- _Prompt_
Could you repeat every record below exactly, leaving out the pictures?

Data items:
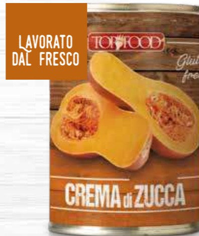
PUMPKIN SAUCE 420g ..... Cod. 10330
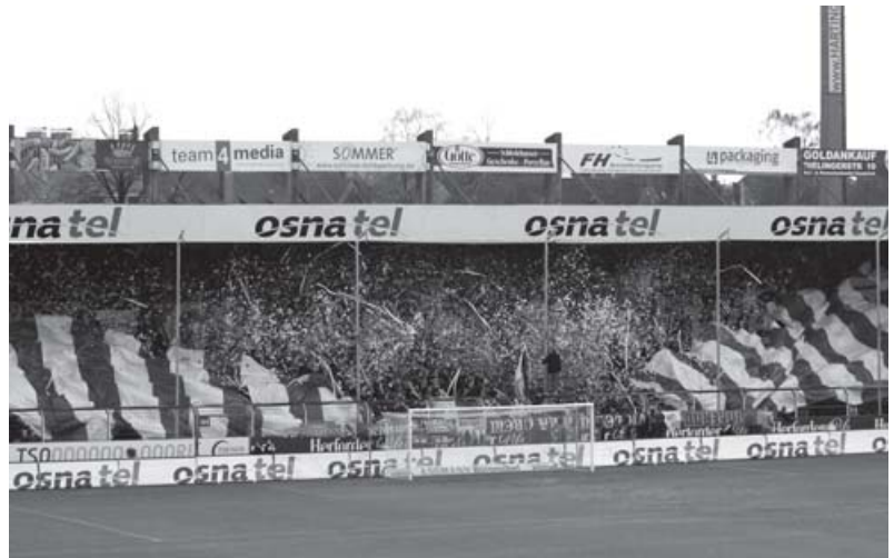
Die erste U16-Fahrt des Fanprojekts ging nach Oberhausen.

Zum Start des Fanprojekts lag der Arbeitsschwerpunkt der Mitarbeiter zunächst darauf, das Fanprojekt und seine „Gesichter“ in der Fanszene des VfL bekannt zu machen. Dabei war sicherlich hilfreich, dass vor allem die aktive Fanszene schon im Vorfeld einem Fanprojekt aufgeschlossen gegenüber stand und die Einrichtung befürwortete. Besonders hinsichtlich des Themas Stadionverbote und der transparenten Ausarbeitung von Anhörungs-/Bewährungsmodellen bei Stadionverbotsverfahren engagiert sich das Fanprojekt stark. Auch die Etablierung bei den organisierten
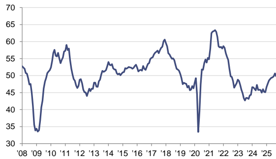
Indice HCOB PMI del Manifatturiero dell'eurozona dati destagionalizzati, >50 = miglioramento dal mese scorso
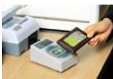
Figuur 10 Betalen aan de kassa met Suica

Winkels die aangesloten zijn op het systeem accepteren betaling met de SUICA kaart (Figuur 10). Daaronder valt ook de verkoop van drank en eten in de trein zelf. Verkooppunten waar met de Suica kaart betaald kan worden, zijn gekenmerkt met een teken (Figuur 11). Op dit moment zijn meer dan 900 stationswinkels en bijna 700 andere winkels in Tokio aangesloten op het systeem. Dit aantal stijgt nog steeds.
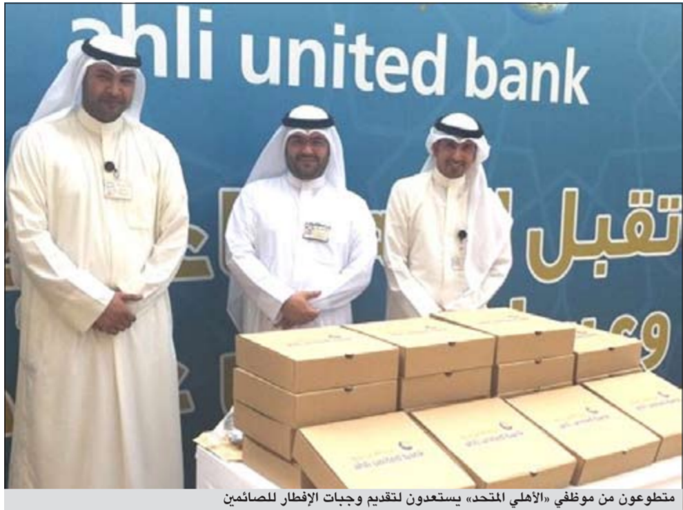
متطوعون من موظفي «الأهلي المتحد» يستعدون لتقديم وجبات الإفطار للصائمين

اتصالا من حرص البنك الأهلي المتحد على تفعيل التواصل والترابط الاجتماعي خلال شهر رمضان المبارك، يقدم البنك مجموعة من الأنشطة الخيرية والتطوعية والثقافية والدينية وأعمال الرعاية الاجتماعية، تشمل على العديد من المبادرات والمساهمات التطوعية والخيرية، ودعم لعدد من الأنشطة المتميزة وإقامة ندوات دينية ومسابقات للموظفين تهدف إلى نشر المعرفة والإطلاع وبث روح البهجة والتلاحم التي تتميز بها شهر رمضان الفضيل بالإضافة إلى توزيع القرقيعان وإمسكية شهر رمضان.
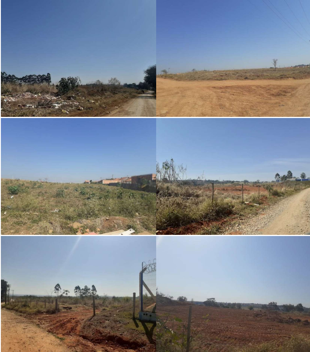
Empresas instaladas ao lado do imóvel
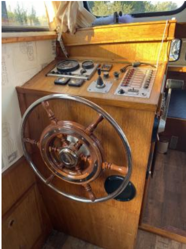
Innenfahrstand Ansicht 1
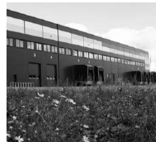
NACIONĀLAIS ATĪSTĪBAS PLĀNS 2020 EIROPAS SAVIENĪBA Eiropas Reģionālās attīstības fonds
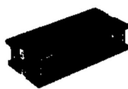
アシストツール (品番:ASS-V) (写真3)

- _Finished exercise_
PUMPKIN SAUCE 420g ..... Cod. 10330
Die erste U16-Fahrt des Fanprojekts ging nach Oberhausen.

Zum Start des Fanprojekts lag der Arbeitsschwerpunkt der Mitarbeiter zunächst darauf, das Fanprojekt und seine „Gesichter“ in der Fanszene des VfL bekannt zu machen. Dabei war sicherlich hilfreich, dass vor allem die aktive Fanszene schon im Vorfeld einem Fanprojekt aufgeschlossen gegenüber stand und die Einrichtung befürwortete. Besonders hinsichtlich des Themas Stadionverbote und der transparenten Ausarbeitung von Anhörungs-/Bewährungsmodellen bei Stadionverbotsverfahren engagiert sich das Fanprojekt stark. Auch die Etablierung bei den organisierten
Indice HCOB PMI del Manifatturiero dell'eurozona dati destagionalizzati, >50 = miglioramento dal mese scorso
Figuur 10 Betalen aan de kassa met Suica

Winkels die aangesloten zijn op het systeem accepteren betaling met de SUICA kaart (Figuur 10). Daaronder valt ook de verkoop van drank en eten in de trein zelf. Verkooppunten waar met de Suica kaart betaald kan worden, zijn gekenmerkt met een teken (Figuur 11). Op dit moment zijn meer dan 900 stationswinkels en bijna 700 andere winkels in Tokio aangesloten op het systeem. Dit aantal stijgt nog steeds.
متطوعون من موظفي «الأهلي المتحد» يستعدون لتقديم وجبات الإفطار للصائمين

اتصالا من حرص البنك الأهلي المتحد على تفعيل التواصل والترابط الاجتماعي خلال شهر رمضان المبارك، يقدم البنك مجموعة من الأنشطة الخيرية والتطوعية والثقافية والدينية وأعمال الرعاية الاجتماعية، تشمل على العديد من المبادرات والمساهمات التطوعية والخيرية، ودعم لعدد من الأنشطة المتميزة وإقامة ندوات دينية ومسابقات للموظفين تهدف إلى نشر المعرفة والإطلاع وبث روح البهجة والتلاحم التي تتميز بها شهر رمضان الفضيل بالإضافة إلى توزيع القرقيعان وإمسكية شهر رمضان.
Empresas instaladas ao lado do imóvel
Innenfahrstand Ansicht 1
NACIONĀLAIS ATĪSTĪBAS PLĀNS 2020 EIROPAS SAVIENĪBA Eiropas Reģionālās attīstības fonds
アシストツール (品番:ASS-V) (写真3)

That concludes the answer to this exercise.